What to do: Repeat the entries in full. Each line must match exactly.

Saved data entries:
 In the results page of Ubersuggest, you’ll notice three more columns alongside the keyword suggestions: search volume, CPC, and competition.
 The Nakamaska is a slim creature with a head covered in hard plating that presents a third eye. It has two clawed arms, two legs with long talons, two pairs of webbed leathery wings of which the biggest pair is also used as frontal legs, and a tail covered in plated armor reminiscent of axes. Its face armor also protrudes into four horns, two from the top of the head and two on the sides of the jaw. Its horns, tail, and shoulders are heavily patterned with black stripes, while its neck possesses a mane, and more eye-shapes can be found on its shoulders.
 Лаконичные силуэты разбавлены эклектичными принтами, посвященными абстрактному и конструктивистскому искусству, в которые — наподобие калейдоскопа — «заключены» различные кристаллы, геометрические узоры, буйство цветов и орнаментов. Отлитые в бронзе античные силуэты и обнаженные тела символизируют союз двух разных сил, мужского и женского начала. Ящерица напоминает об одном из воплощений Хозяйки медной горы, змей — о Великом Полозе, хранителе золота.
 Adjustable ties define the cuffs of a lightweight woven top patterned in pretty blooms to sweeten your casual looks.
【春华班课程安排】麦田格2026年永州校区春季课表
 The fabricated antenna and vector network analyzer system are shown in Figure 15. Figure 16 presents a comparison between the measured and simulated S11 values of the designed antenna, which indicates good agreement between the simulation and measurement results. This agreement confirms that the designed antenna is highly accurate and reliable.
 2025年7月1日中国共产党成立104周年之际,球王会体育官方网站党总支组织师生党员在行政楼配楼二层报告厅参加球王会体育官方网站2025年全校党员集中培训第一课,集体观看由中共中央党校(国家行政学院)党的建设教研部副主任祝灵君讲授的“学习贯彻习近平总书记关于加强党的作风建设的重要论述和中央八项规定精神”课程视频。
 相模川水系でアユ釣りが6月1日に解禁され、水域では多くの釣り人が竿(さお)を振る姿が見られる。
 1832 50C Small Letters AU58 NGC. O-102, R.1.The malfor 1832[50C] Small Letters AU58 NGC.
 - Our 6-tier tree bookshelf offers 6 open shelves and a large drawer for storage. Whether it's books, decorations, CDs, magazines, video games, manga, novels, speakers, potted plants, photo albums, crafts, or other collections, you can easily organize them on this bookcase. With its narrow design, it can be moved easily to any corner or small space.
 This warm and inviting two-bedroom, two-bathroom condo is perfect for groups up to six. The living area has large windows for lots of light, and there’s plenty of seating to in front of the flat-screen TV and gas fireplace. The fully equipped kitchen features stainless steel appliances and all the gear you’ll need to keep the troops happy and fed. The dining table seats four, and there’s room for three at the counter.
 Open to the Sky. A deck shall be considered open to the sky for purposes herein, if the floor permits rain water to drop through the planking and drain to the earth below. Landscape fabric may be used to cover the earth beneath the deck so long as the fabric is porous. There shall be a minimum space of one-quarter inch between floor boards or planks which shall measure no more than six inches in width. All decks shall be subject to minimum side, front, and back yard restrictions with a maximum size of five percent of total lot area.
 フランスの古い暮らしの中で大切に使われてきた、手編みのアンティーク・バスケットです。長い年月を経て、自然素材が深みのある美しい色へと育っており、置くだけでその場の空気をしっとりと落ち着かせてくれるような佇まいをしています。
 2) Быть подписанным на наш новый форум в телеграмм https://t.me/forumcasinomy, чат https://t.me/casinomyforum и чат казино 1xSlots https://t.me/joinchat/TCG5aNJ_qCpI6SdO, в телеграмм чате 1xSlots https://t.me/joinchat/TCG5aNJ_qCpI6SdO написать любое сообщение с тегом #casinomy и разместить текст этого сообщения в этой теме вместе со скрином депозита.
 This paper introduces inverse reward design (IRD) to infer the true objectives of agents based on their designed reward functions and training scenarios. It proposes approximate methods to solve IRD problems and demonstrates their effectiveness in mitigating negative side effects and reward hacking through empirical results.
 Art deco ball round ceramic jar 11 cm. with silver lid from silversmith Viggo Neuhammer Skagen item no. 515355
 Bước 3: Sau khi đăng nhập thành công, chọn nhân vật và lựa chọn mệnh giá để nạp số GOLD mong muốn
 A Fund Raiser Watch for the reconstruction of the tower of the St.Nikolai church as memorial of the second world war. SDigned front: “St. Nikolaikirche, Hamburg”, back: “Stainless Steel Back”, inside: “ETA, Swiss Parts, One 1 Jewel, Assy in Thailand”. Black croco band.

Response:
 In the results page of Ubersuggest, you’ll notice three more columns alongside the keyword suggestions: search volume, CPC, and competition.
 The Nakamaska is a slim creature with a head covered in hard plating that presents a third eye. It has two clawed arms, two legs with long talons, two pairs of webbed leathery wings of which the biggest pair is also used as frontal legs, and a tail covered in plated armor reminiscent of axes. Its face armor also protrudes into four horns, two from the top of the head and two on the sides of the jaw. Its horns, tail, and shoulders are heavily patterned with black stripes, while its neck possesses a mane, and more eye-shapes can be found on its shoulders.
 Лаконичные силуэты разбавлены эклектичными принтами, посвященными абстрактному и конструктивистскому искусству, в которые — наподобие калейдоскопа — «заключены» различные кристаллы, геометрические узоры, буйство цветов и орнаментов. Отлитые в бронзе античные силуэты и обнаженные тела символизируют союз двух разных сил, мужского и женского начала. Ящерица напоминает об одном из воплощений Хозяйки медной горы, змей — о Великом Полозе, хранителе золота.
 Adjustable ties define the cuffs of a lightweight woven top patterned in pretty blooms to sweeten your casual looks.
【春华班课程安排】麦田格2026年永州校区春季课表
 The fabricated antenna and vector network analyzer system are shown in Figure 15. Figure 16 presents a comparison between the measured and simulated S11 values of the designed antenna, which indicates good agreement between the simulation and measurement results. This agreement confirms that the designed antenna is highly accurate and reliable.
 2025年7月1日中国共产党成立104周年之际,球王会体育官方网站党总支组织师生党员在行政楼配楼二层报告厅参加球王会体育官方网站2025年全校党员集中培训第一课,集体观看由中共中央党校(国家行政学院)党的建设教研部副主任祝灵君讲授的“学习贯彻习近平总书记关于加强党的作风建设的重要论述和中央八项规定精神”课程视频。
 相模川水系でアユ釣りが6月1日に解禁され、水域では多くの釣り人が竿(さお)を振る姿が見られる。
 1832 50C Small Letters AU58 NGC. O-102, R.1.The malfor 1832[50C] Small Letters AU58 NGC.
 - Our 6-tier tree bookshelf offers 6 open shelves and a large drawer for storage. Whether it's books, decorations, CDs, magazines, video games, manga, novels, speakers, potted plants, photo albums, crafts, or other collections, you can easily organize them on this bookcase. With its narrow design, it can be moved easily to any corner or small space.
 This warm and inviting two-bedroom, two-bathroom condo is perfect for groups up to six. The living area has large windows for lots of light, and there’s plenty of seating to in front of the flat-screen TV and gas fireplace. The fully equipped kitchen features stainless steel appliances and all the gear you’ll need to keep the troops happy and fed. The dining table seats four, and there’s room for three at the counter.
 Open to the Sky. A deck shall be considered open to the sky for purposes herein, if the floor permits rain water to drop through the planking and drain to the earth below. Landscape fabric may be used to cover the earth beneath the deck so long as the fabric is porous. There shall be a minimum space of one-quarter inch between floor boards or planks which shall measure no more than six inches in width. All decks shall be subject to minimum side, front, and back yard restrictions with a maximum size of five percent of total lot area.
 フランスの古い暮らしの中で大切に使われてきた、手編みのアンティーク・バスケットです。長い年月を経て、自然素材が深みのある美しい色へと育っており、置くだけでその場の空気をしっとりと落ち着かせてくれるような佇まいをしています。
 2) Быть подписанным на наш новый форум в телеграмм https://t.me/forumcasinomy, чат https://t.me/casinomyforum и чат казино 1xSlots https://t.me/joinchat/TCG5aNJ_qCpI6SdO, в телеграмм чате 1xSlots https://t.me/joinchat/TCG5aNJ_qCpI6SdO написать любое сообщение с тегом #casinomy и разместить текст этого сообщения в этой теме вместе со скрином депозита.
 This paper introduces inverse reward design (IRD) to infer the true objectives of agents based on their designed reward functions and training scenarios. It proposes approximate methods to solve IRD problems and demonstrates their effectiveness in mitigating negative side effects and reward hacking through empirical results.
 Art deco ball round ceramic jar 11 cm. with silver lid from silversmith Viggo Neuhammer Skagen item no. 515355
 Bước 3: Sau khi đăng nhập thành công, chọn nhân vật và lựa chọn mệnh giá để nạp số GOLD mong muốn
 A Fund Raiser Watch for the reconstruction of the tower of the St.Nikolai church as memorial of the second world war. SDigned front: “St. Nikolaikirche, Hamburg”, back: “Stainless Steel Back”, inside: “ETA, Swiss Parts, One 1 Jewel, Assy in Thailand”. Black croco band.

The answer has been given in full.